Cynthia Young cuenta que, tras la guerra, Capa «quiso reinventarse como fotógrafo y como personaje y vio en la fotografía en color una oportunidad para hacerlo». Viajes a la URSS –adonde va con John Steinbeck–; su Hungría natal, Marruecos, Israel, Noruega, Japón; ciudades como Roma, París (donde vivió entre 1933 y 1939, alojado en el lujoso hotel Lancaster), Londres (viajó para la coronación de Isabel II con sus amigos Humphrey Bogart y John Huston)... El Capa más frívolo está coloreado: fotografía las playas de Biarritz y Deauville, desfiles de moda, estaciones de esquí (una de sus aficiones); retrata a celebridades como Hemingway, Picasso, Truman Capote... Robert Capa quiso ser director de cine.

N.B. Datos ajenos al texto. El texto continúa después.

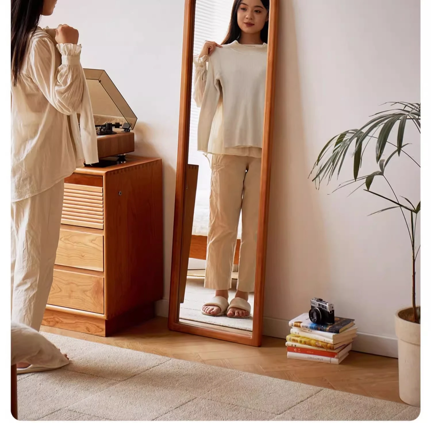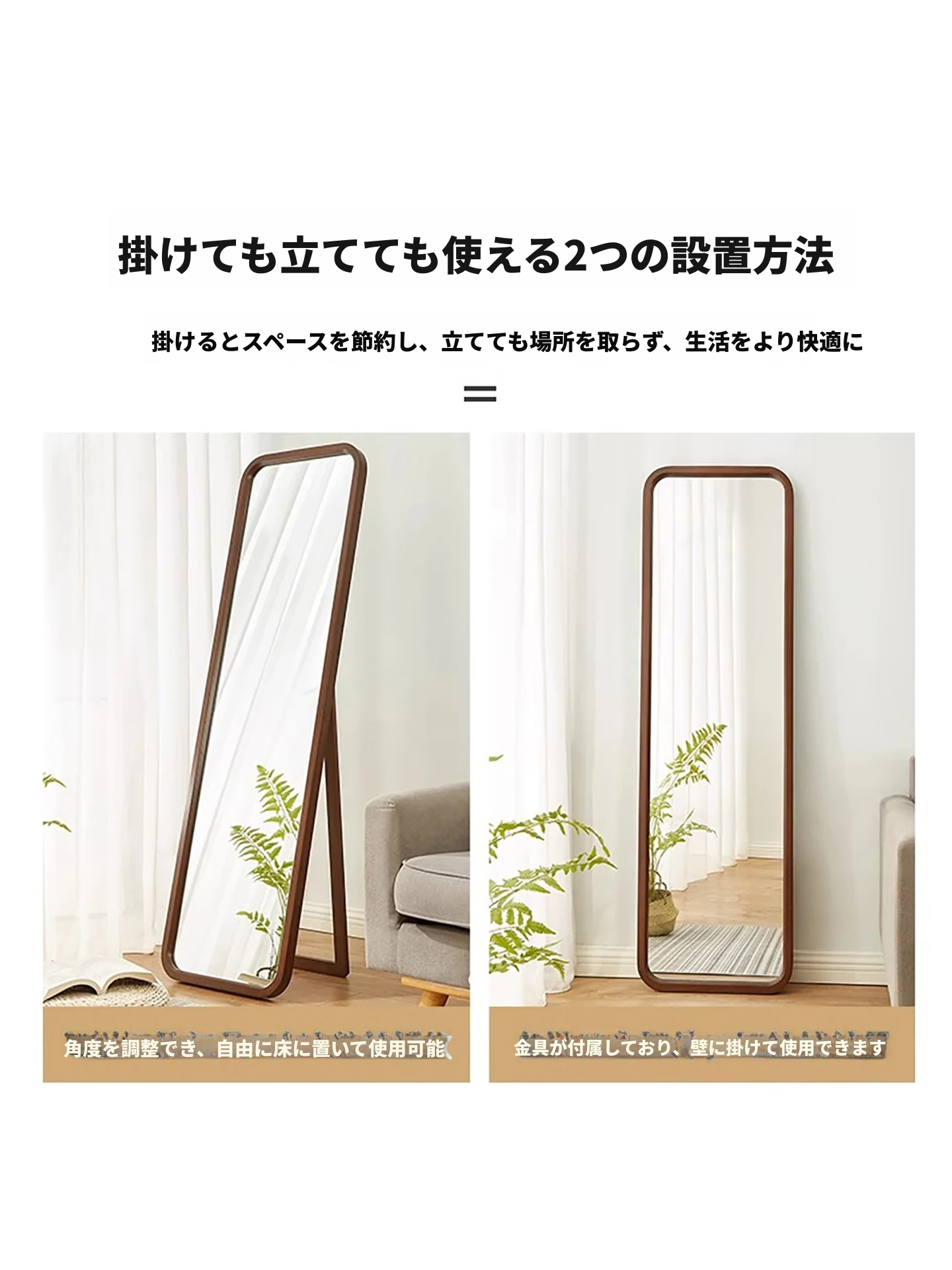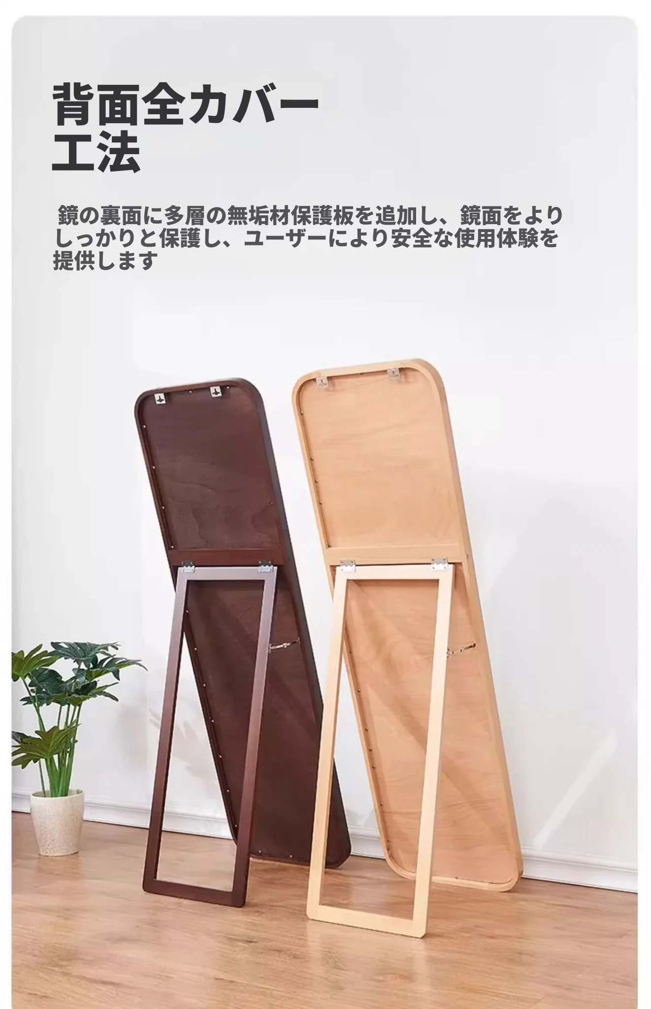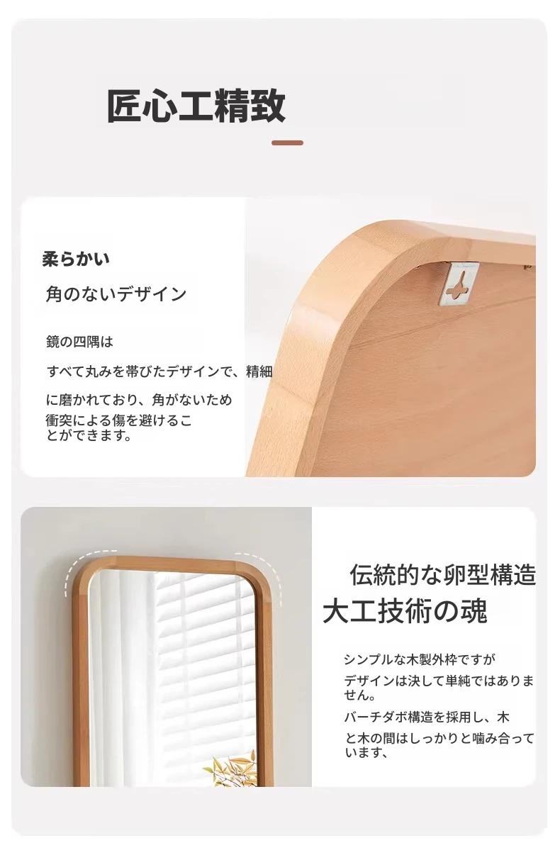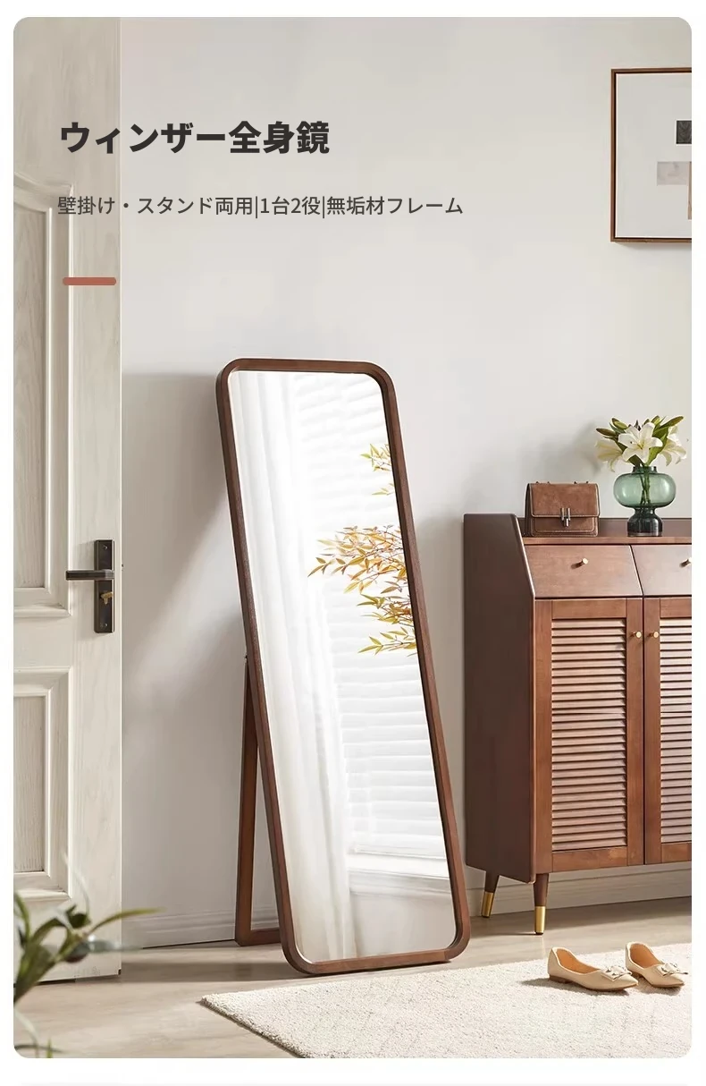 実木製全身鏡|壁掛け&スタンド両用|女性のための防爆&変形しない衣装用ミラー|おしゃれな寝室にぴったり!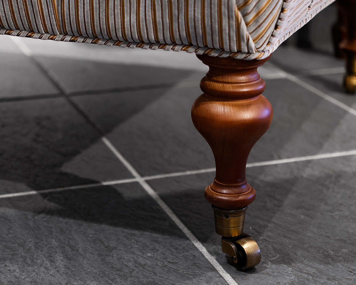 Tufted ottoman w/ fruitwood turned legs and brass casters. slate blue and mustard striped cut velvet upholstery.

No lo logró, pero sí fue amigo de muchas estrellas: John Huston, Orson Welles, Ava Gardner o Ingrid Bergman, con quien tuvo un sonado romance.

Suena la voz de Capa

En 1953 decidió volver al «trabajo de verdad. Se ha terminado el periodo Deauville y Biarritz y de los peliculeros». Anhelaba propuestas que «me devuelvan a hacer reportajes en mi propio territorio». Aceptó en 1954 un encargo de «Life» para sustituir a un fotógrafo en Indochina. El 25 de mayo pisó una mina. Murió el fotógrafo. Nació el mito. Húngaro de nacimiento y norteamericano de adopción, Cynthia Young lo retrata como «muy ambicioso, generoso y apasionado. Un líder. Tenía un fuerte compromiso. No hacía fotos y se marchaba. Las convertía en su propia historia».

En una sala de la muestra suena la voz de Capa en la única entrevista radiofónica que se conserva. Se emitió el 20 de octubre de 1947 a las 8.30 horas en un programa de radio «Hi! Jinx» de la NBC. En ella explica cómo tomó la foto del miliciano muerto. Nunca sabremos qué pasó, pero, como dice Juan Barja, director del Círculo de Bellas Artes, «esa foto contiene verdad. Cuenta la verdad de una guerra. Por eso es un icono».